Text message analysis, chapter 1

A couple of months ago I read Stephen Wolfram’s article about analyzing his emails and saved files.  If you’ve not seen it yet, it’s definitely worth a read.  I was intrigued and wanted to apply a few of these analysis ideas to my own life.  I don’t have 30 years of saved email (yet), but I do have a database of text messages. Last time I posted about how to get that database off of an iPhone and format it into a text file for further analysis. Now for the fun part, the analysis.

The first question I wanted to ask, is “When am I texting?”  The  second field we output from the text message database was a date field, indicating the Unix epoch time of the text message.  I used Matlab to parse this field into a vector and generate two histograms, one for when I’m sending texts and one for when I’m receiving texts.

When am I texting?

This is a graph of the number of text messages I’ve sent sense early October.  It’s clear that I’m sending and receiving about the same number of texts.  It’s also clear that I’m somewhat of a night owl.  My texting rate stays high and somewhat constant  until about 3 am, then drops to about nothing, then picks up again around 1 or 2 pm.  This is consistent with my graduate student lifestyle of work late into the night, sleep late into the afternoon.

But I’d like a little more detail about how my habits change.  Let’s add a dimension to this plot.

Each “+” is a text message.  The y-axis is the time of day on a 24-hour clock.  The x-axis is the Unix time that the message was sent.  This graph gives us the same information as the line plot above.  We can see my sleep schedule as the band of predominantly white area that runs the length of the plot.  But we can see a few more things as well.  I’ve highlighted a events that occurred since October that appear to have effected my texting rate.

The first event is a trip to Switzerland I took for work.  No phone service.  No texting. So there is a large blank vertical band in early December, around Unix time 1.33e9.  The rest of the highlighted events are weekends that I attended dance exchanges.  These tend to change my sleep schedule dramatically, and so change my texting habits during and after.

This is just a small taste of the text message analysis I have in store.  I’ll also be posting the tools I use to do this in Matlab, Octave and Python so that you can replicate this for yourself.  I first need to get the code in a more user friendly sort of form.

I’ll leave you with this finishing quote from the blog of Stephen Wolfram that I referenced at the top.

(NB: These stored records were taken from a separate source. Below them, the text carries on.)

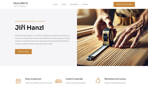 Truhlářství Hanzl je webová prezentace rodinné truhlářské firmy, kterou jsme vytvořili pro efektivní prezentaci zakázkové výroby nábytku na míru. Web umožňuje zákazníkům rychle se seznámit s portfoliem výrobků, historií firmy a kontaktovat truhlářství pro realizaci jejich projektů.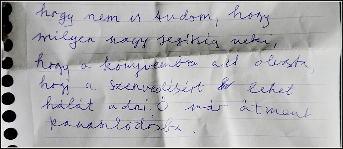 HOGY NEM IS TUDOM, HOGY MILYEN NAGY SEGÍTSÉG NEKI, HOGY A KÖNYVEMBEN AZT OLVASTA,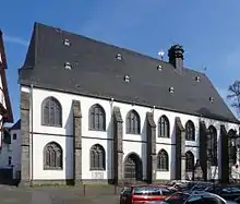 A parish is attested in Lich in the year 1239, which presupposes a church existed by that date.[3] In 1316, the Marienstift was founded by Philip III of Falkenstein, as a collegiate church (German: Kollegiatstift) with ten canons, which was intended to educate young men for the priesthood. Three neighbouring churches were incorporated along with Lich.[4] A large amount of property of the surrounding churches and districts was donated for the maintenance of the college. In the year of the college's foundation, a new, stone church was begun which was roughly two-thirds the size of the present building. The hall church, with a long choir and rood screen was consecrated to Mary on 7 May 1320.[1] It survived less than two hundred years. In 1510 it was entirely demolished to make way for the construction of the present building on the same site. Only a few sections of wall in the west wall survive.[3]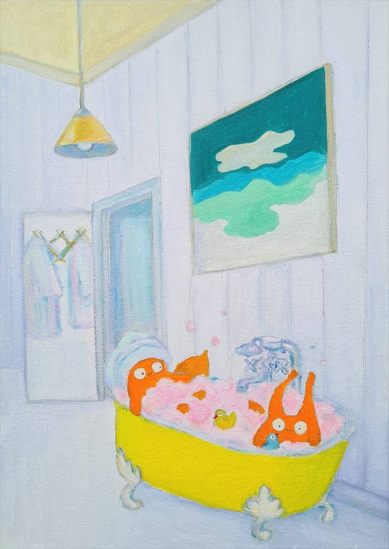 Painting:Oil on Canvas on cardboard You can always find relaxation and pleasure in very small things, like surround yourself with gentle and bright colors, take a bath with pink foam and ducks and listen to your favorite music :D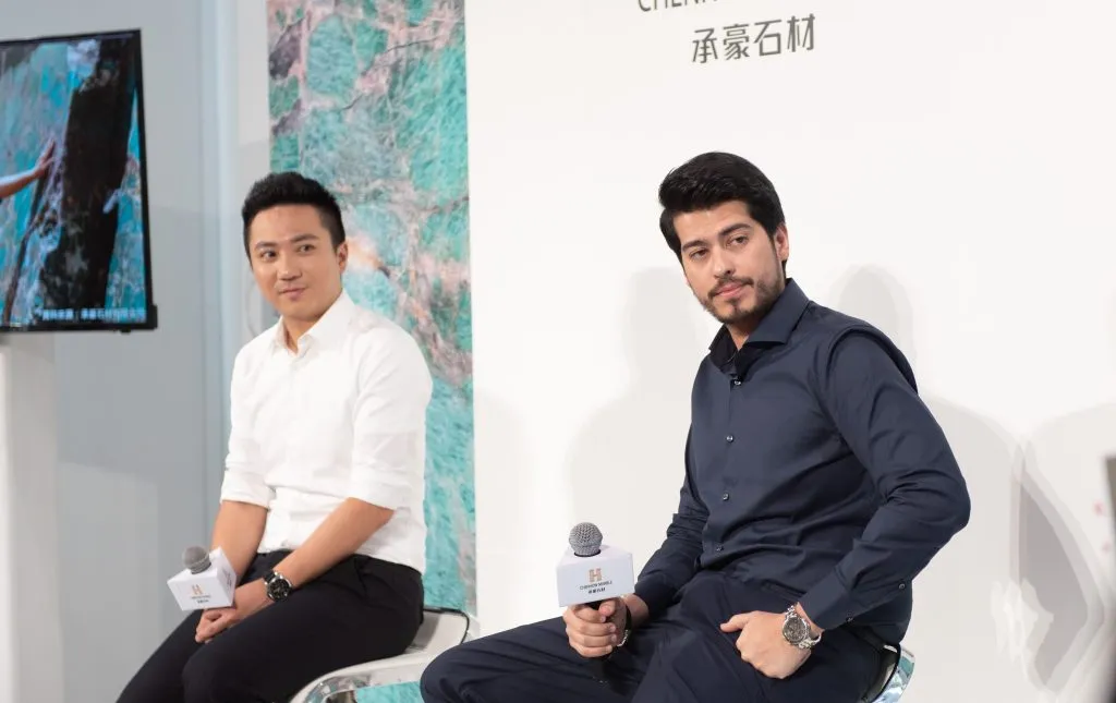 承豪石材與巴西Tiffany礦區簽下在台獨家代理權,區域獨家代理模式將Tiffany奢石引進台灣。圖左:承豪石材有限公司品牌長 陳昱愷、圖右:Granistone CEO Hugo Meneses奢石與藝術跨界對話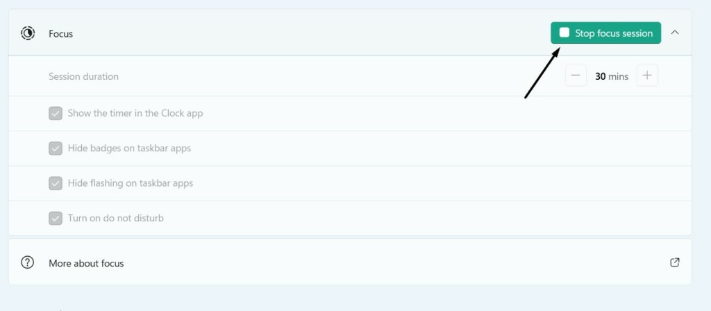 2.Ha a fókuszos asszisztens engedélyezve van, akkor láthatja aStop Focus Sessiongomb aFókuszszakasz. Kattintson aStop Focus Sessiongomb a fókusz asszisztens kikapcsolásához és a riasztások fogadásának megkezdéséhez.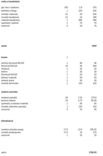 proste komplet voda, kanalizacia a kurenie (! bez radiatorov a bez zasobnika !) ma vyslo 11805.
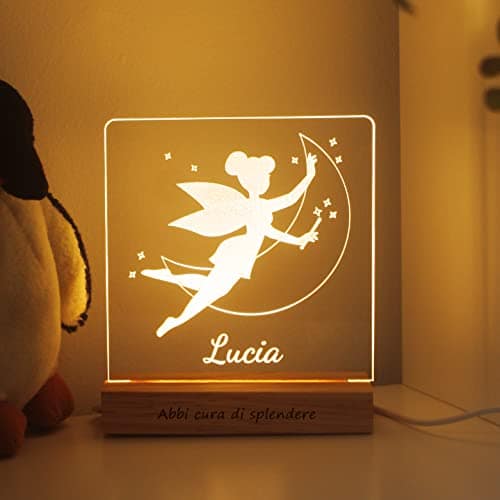 • [ Lampada Personalizzata Bambina ] Per creare la lampada notturna inserisci il nome della bambina o del bambino e il testo da incidere sulla base. NB: No caratteri speciali, emojy, font esterni.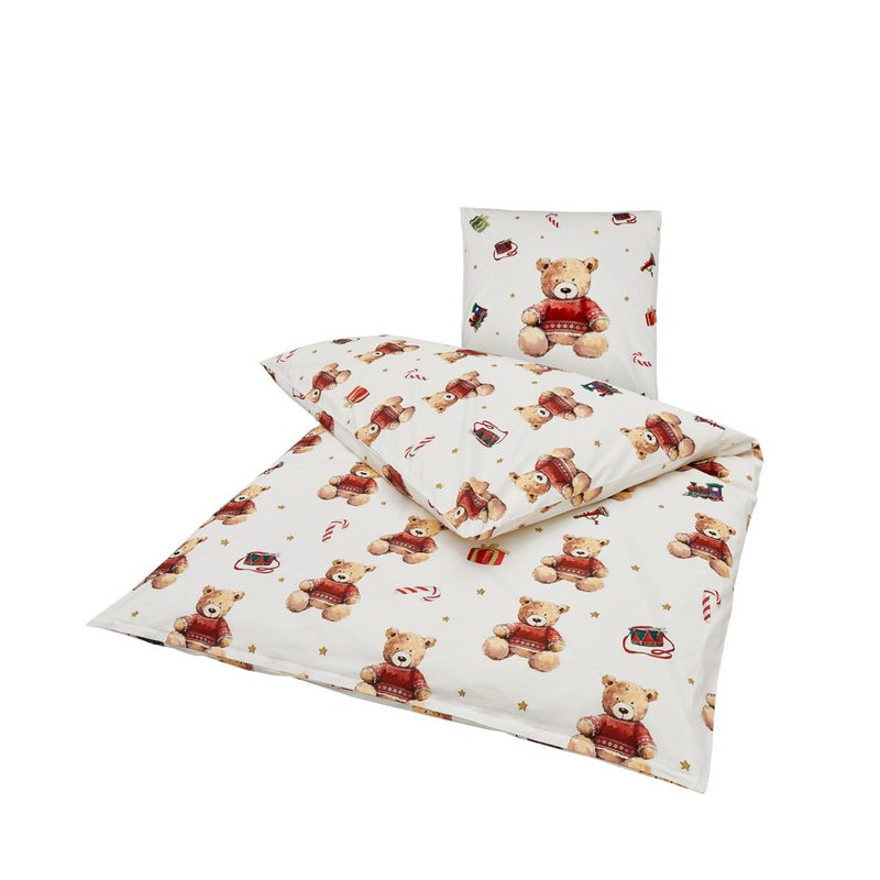 Vneste do své ložnice kouzlo zimní pohody s tímto roztomilým povlečením s motivem medvídka v bordó vánočním svetru. Na bílém podkladu vyniká detailní potisk s motivy drobných mašinek, bubínků, trumpetek a dalších vánočních ozdob, které dodávají povlečení hravý a sváteční vzhled.

As personal analytics develops, it’s going to give us a whole new dimension to experiencing our lives. At first it all may seem quite nerdy (and certainly as I glance back at this blog post there’s a risk of that). But it won’t be long before it’s clear how incredibly useful it all is—and everyone will be doing it, and wondering how they could have ever gotten by before. And wishing they had started sooner, and hadn’t “lost” their earlier years.

That certainly resonates.  I’m a nerd yes, but hopefully this moves towards the mainstream.